Zap-and-freeze’ technique used to watch human brain cell communication
Researchers say they have used a “zap-and-freeze” technology to watch hard-to-see brain cell communications in living brain tissue from mice and humans.
Findings from the new experiments published in Neuron, could potentially help scientists find the root causes of nonheritable forms of Parkinson’s disease, the researchers say.
Sporadic cases of Parkinson’s disease account for most cases of the neurodegenerative disorder, according to the Parkinson’s Foundation. The condition is marked by disruptions to the signaling point between two brain cells. That connection point, known as a synapse, is notoriously difficult to study, says the senior author.
“We hope this new technique of visualizing synaptic membrane dynamics in live brain tissue samples can help us understand similarities and differences in nonheritable and heritable forms of the condition,” the author says. Eventually, he says, this approach could help lead to the development of treatments for the neurodegenerative disorder.
In healthy brains, synaptic vesicles, or message-carrying bubbles within brain cells, help transfer information from cell to cell in a process key to information processing, learning and forming memories. Understanding this process is critical for identifying where cellular communication breaks down in neurodegenerative conditions, the author says.
Previously, the senior author helped develop the zap-and-freeze technique to allow for a closer look at synaptic membrane movements (these results were published in 2020 in Nature Neuroscience). Essentially, the technique involves using an electrical pulse to stimulate living brain tissue and then freezing the tissues rapidly to capture cell movement for electron microscopy observation.
In a study published earlier this year in Nature Neuroscience, the author used the approach in the brains of genetically engineered mice to understand how a key protein, intersectin, keeps synaptic vesicles in a particular location within a brain cell until they are ready to be released to activate a neighboring brain cell.
For the new study, the researchers used samples from the brains of normal mice as well as living cortical brain tissue sampled with permission from six individuals undergoing surgical treatment for epilepsy. The surgical procedures were medically necessary to remove lesions from the brain’s hippocampus.

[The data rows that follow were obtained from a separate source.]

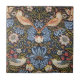 A decorative ceramic tile, with the design, Strawberry Thief (1883) by William Morris (1834-1896), one of his most popular textile designs from the arts and crafts period. A pattern with birds (Thrush), strawberries and foliage.
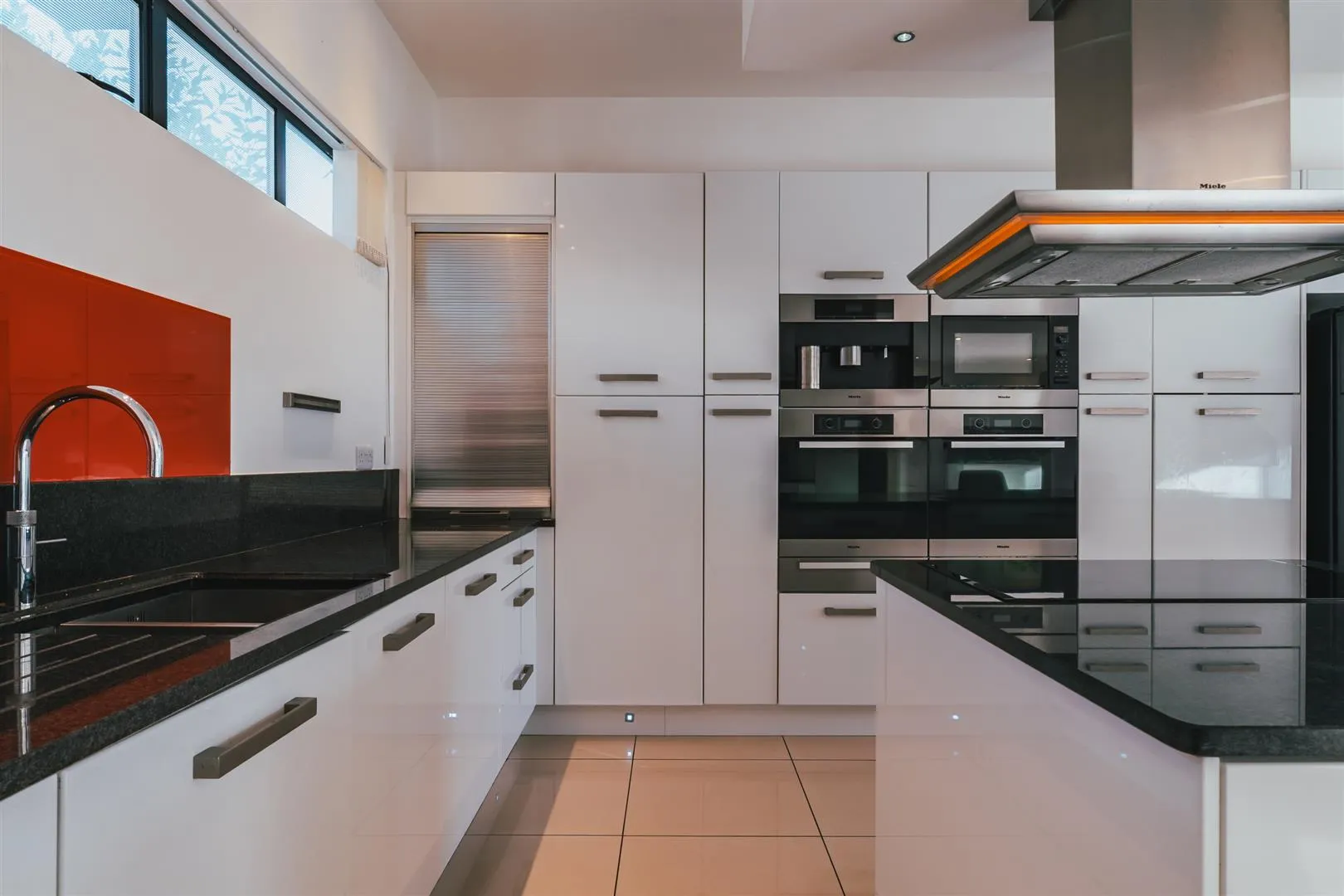 An outstanding dining kitchen of high-quality with a side facing aluminium double glazed panel and a rear facing aluminium double glazed obscured window with matching side panels. There is recessed lighting, a dropped ceiling above the island with feature LED lighting and porcelain tiled flooring with under floor heating. A range of fitted base and wall units incorporate a granite work surface, a granite upstand, plinth lighting and an inset 1.5 bowl Blanco stainless steel sink with a Quooker boiling tap and a glazed splash back. A large central island provides additional storage and has plinth lighting and a granite work surface with two pop-up power points, which extends to provide space for three chairs. The appliances are by Miele and include a four-ring induction hob with an extractor hood above, two fan assisted ovens, a microwave, two warming drawers, a coffee machine and a dishwasher. There is space/provision for an American style fridge/freezer. A sliding aluminium door with a double glazed panel and matching side panels opens to the front of the property.
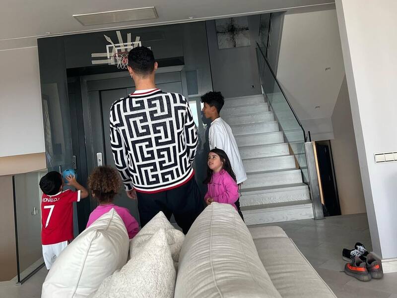 Georgina seleccionó una imagen en la que Cristiano Ronaldo se encuentra dentro de una piscina jugando con sus hijos. También compartió otra en la que, de nuevo en la alberca, ríe a carcajadas con Alana y Eva. En otro momento, quizá en casa, el astro del balompié parece estar practicando encestar con los niños en el aro de básquetbol instalado frente al elevador.
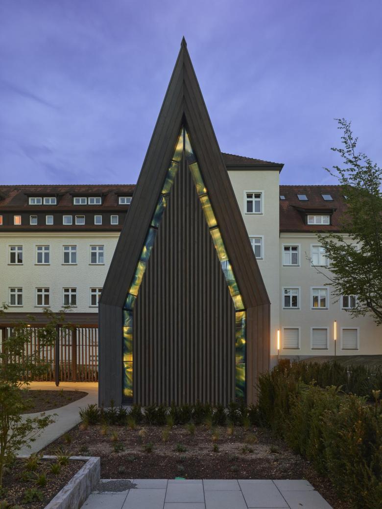 Die Kapelle bildet in Bezug auf Materialität und in Ihrem filigranen Erscheinungsbild den Kontrapunkt zur umgebenden Klosterarchitektur und wird ohne sichtbare christliche Insignien als besonderer Ort wahrgenommen.
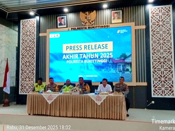 Bukittinggi –Dirgantaraku.com,-Kepolisian Resor Kota Polresta Bukittinggi menggelar konferensi pers akhir tahun 2025 pada Rabu (31/12/2025)bertempat di aula Polresta Bukittinggi,Sebagai bentuk evaluasi komprehensif terhadap situasi keamanan dan ketertiban masyarakat (kamtibmas) sepanjang tahun lalu. Kegiatan dipimpin langsung oleh Kapolresta Bukittinggi, Kombes Pol Ruly Indra Wijayanto, S.I.K., M.Si, yang memaparkan tren kriminalitas dan capaian kinerja kepolisian dengan nada tegas namun penuh komitmen.
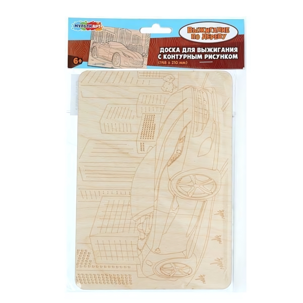 Доска предназначена для детей старше 6 лет и идеально подходит для занятий творчеством. Ребенок сможет выжигать контурный рисунок спортивного автомобиля, что не только развивает внимание и усидчивость, но и способствует формированию творческого мышления и моторики рук. Занятия с этой доской помогут вашему ребенку развить сенсорное и цветовое восприятие, а также воображение.
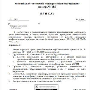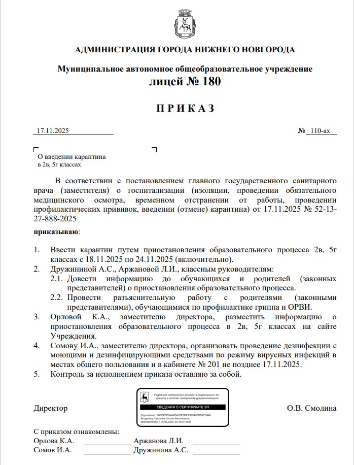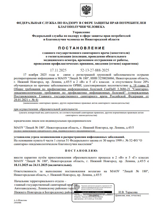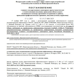 В соответствии с постановлением главного государственного санитарного врача (заместителя) о госпитализации (изоляции, проведении обязательного медицинского осмотра, временном отстранении от работы, проведении профилактических прививок, введении (отмене) карантина) от 17.11.2025 № 52-13- 27-888-2025 вводится карантин путем приостановления образовательного процесса 2в, 5г классах с 18.11.2025 по 24.11.2025 (включительно).
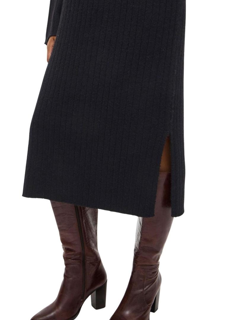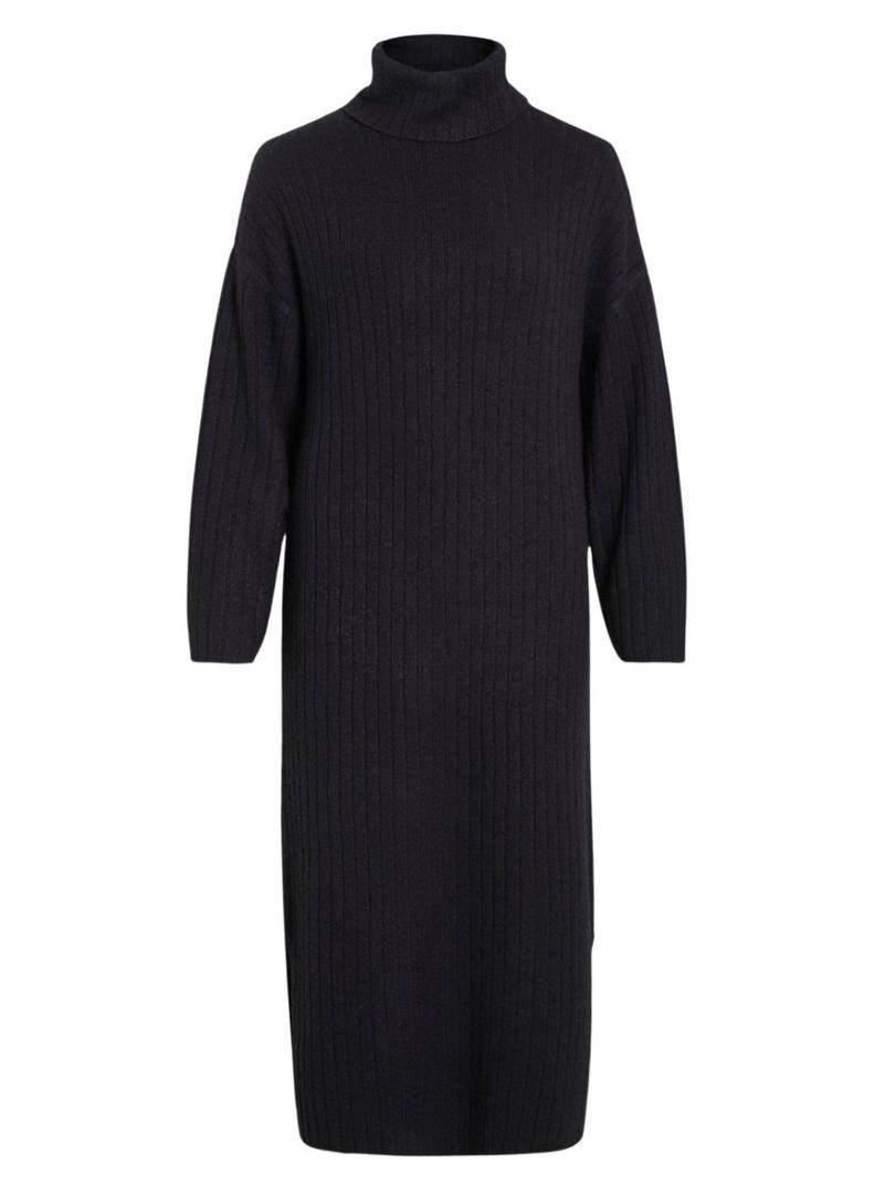 Vestido Vila. Cor preta. Comprimento midi. Tecido de malha canelada macia. Manga comprida. Gola alta. Ombros caídos. Aberturas laterais. Corte regular.
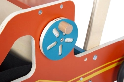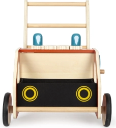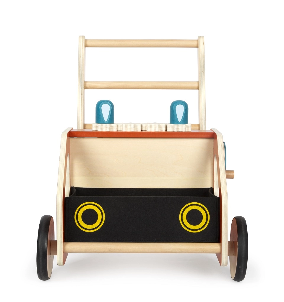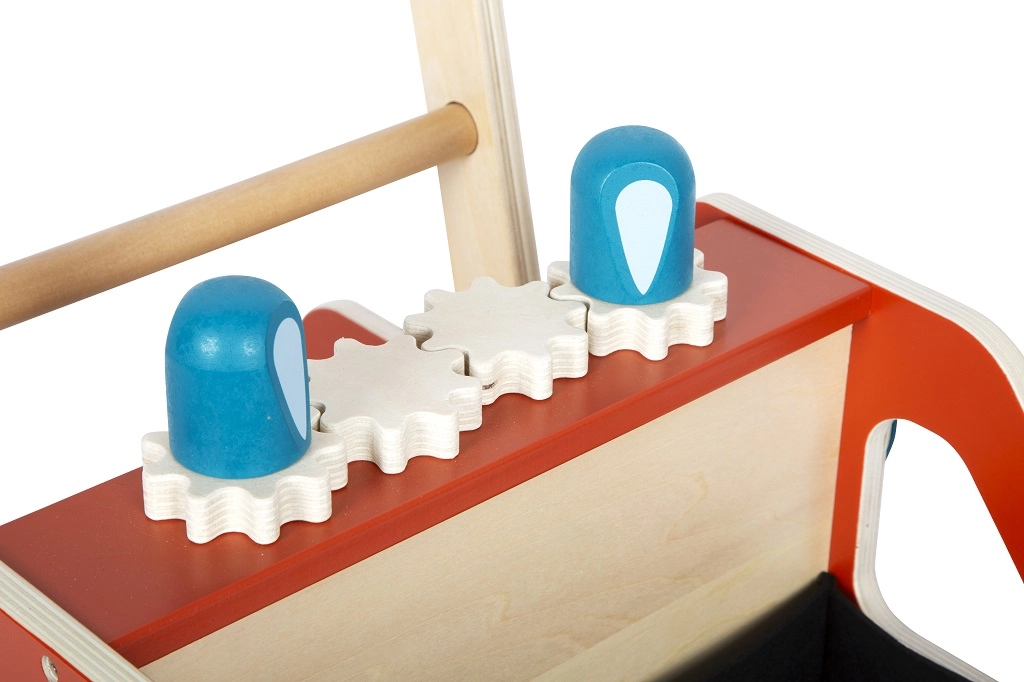Už pramogą ir smulkiosios motorikos lavinimą atsako funkcionalios detalės: dantračiai, sukamasis vairas su rankenėle ir judančios mėlynos šviesos. Išimamas veltinio krepšys tinka kaip laikymo vieta žaislams ir smulkmenoms, kad kiekviena „išvyka“ būtų greita ir tvarkinga.
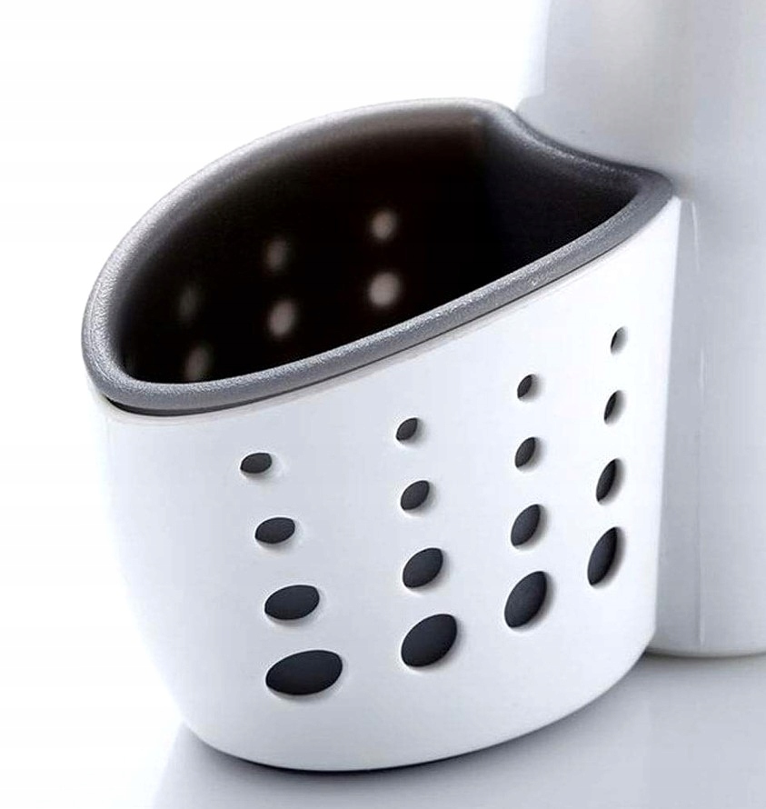 ✅ Контейнер, прикріплений до дозатора, дозволяє гігієнічно зберігати губку або банні приналежності
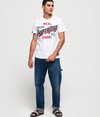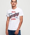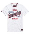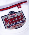 Męski T-shirt Superdry 34st Goods. Ten klasyczny T-shirt ma krótkie rękawy, okrągły dekolt oraz nadruk Superdry na piersi i jednym z rękawów z efektem spękanej farby. Całości dopełnia naszywka z logo Superdry nad obszyciem oraz metka z logo Superdry na jednym z rękawów.
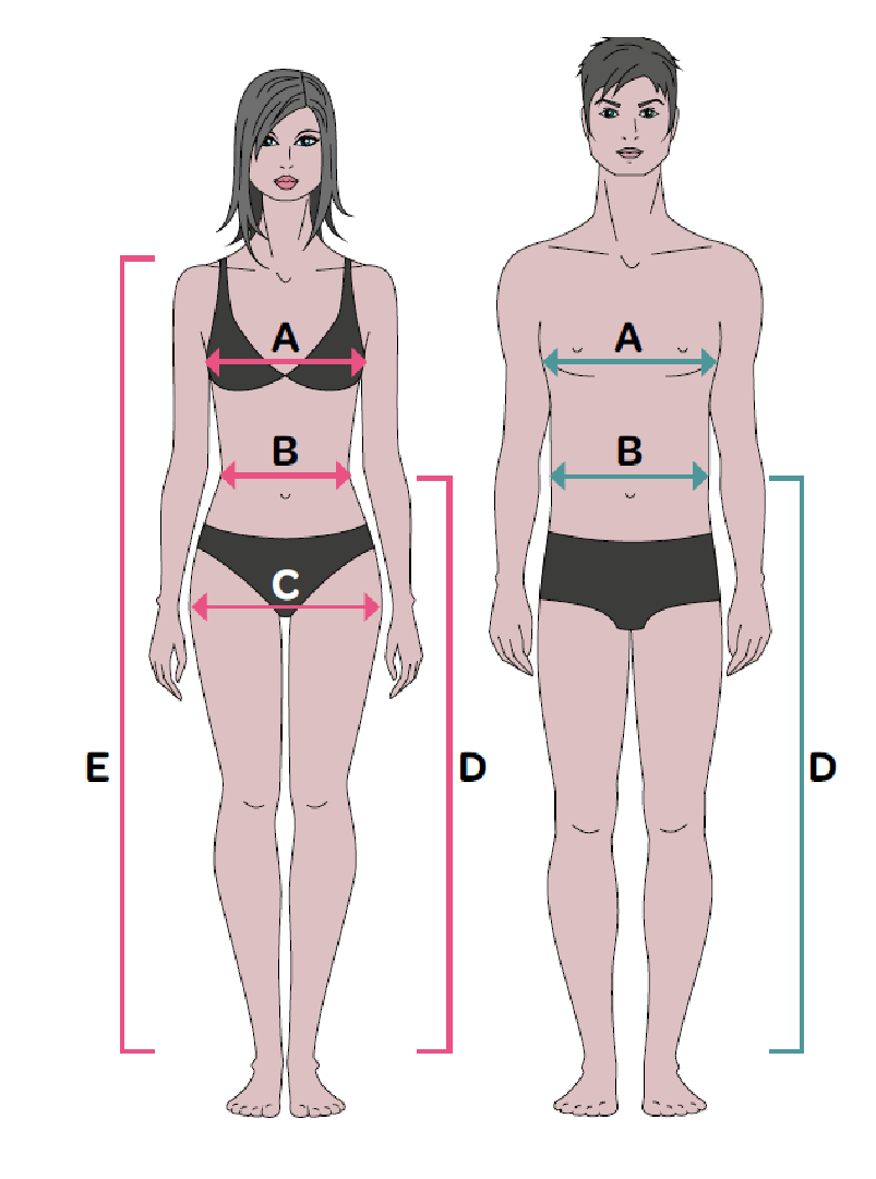 Tour de poitrine (A), mesurez à l'endroit le plus fort

The researchers first validated the zap-and-freeze approach by observing calcium signaling, a process that triggers neurons to release neurotransmitters in living mouse brain tissues.
Next, the scientists stimulated neurons in mouse brain tissue with the zap-and-freeze approach and observed where synaptic vesicles fuse with brain cell membranes and then release chemicals called neurotransmitters that reach other brain cells. The scientists then observed how mouse brain cells recycle synaptic vesicles after they are used for neuronal communication, a process known as endocytosis that allows material to be taken up by neurons.
The researchers then applied the zap-and-freeze technique to brain tissue samples from people with epilepsy, and observed the same synaptic vesicle recycling pathway operating in human neurons.
In both mouse and human brain samples, the protein Dynamin1xA, which is essential for ultrafast synaptic membrane recycling, was present where endocytosis is thought to occur on the membrane of the synapse.
“Our findings indicate that the molecular mechanism of ultrafast endocytosis is conserved between mice and human brain tissues,” the author says, suggesting that the investigations in these models are valuable for understanding human biology.
In future experiments, the senior author says he hopes to leverage the zap-and-freeze technique to study synaptic vesicle dynamics in brain tissue samples taken with permission from patients with Parkinson’s disease undergoing deep brain tissue stimulation.